The garbage left over from the Decreator is coming closer to the planet. It's only a matter of weeks before even more of it slams into the surface.

And if the projections are correct, this will destroy all life on the planet.

Which means that the refugee situation just got even worse than they could have imagined...

* * *

"Of course, that just means more bad press," the Candidate's Campaign Manager's chief intern says, sipping at his longnecked beer as he and the two new aides relax at a downbeat, quiet bar: "Stupid !@#$."

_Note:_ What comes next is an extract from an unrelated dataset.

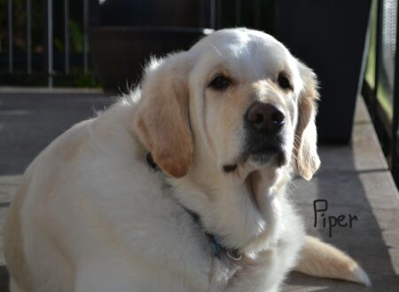 Hi everybody…my name is Piper and this is my sister Bella. We are two, 3-year-old sisters who have been together since birth. When we first met the good people at GR, we were very dirty and overweight. It didn’t take long, thanks to our amazing foster family, to get cleaned up and on a diet. We are both losing weight but still have a way to go. We are big girls and the vet thinks we might have some Pyrenees in us (which would explain our size) but we sure look and act like Goldens. We are both big cuddlers and we love people. We also love other dogs and cats are probably okay with us as well. We are very adaptable so we can easily be couch potatoes or more active if that’s what you want. We love to please so just tell us what you want and we’ll figure it out.

"Hey, now," Bobbi (aka Jana) teases him, winking over her glasses: "Some of us like being !@#$y."

"Well, okay," the aide says, blushing a little: "But still, pulling a stunt like that. She should have known she'd get ejected. I think that was the plan all along."

"It's possible," Frank (aka Karl) says, sipping at his own beer: "But it makes an important point."

"He does have a negative perception among that community," Jana says.

"It's not like they're going to vote for him, anyway," the aide sighs: "Not with everything he's saying about immigration restrictions, and deportation."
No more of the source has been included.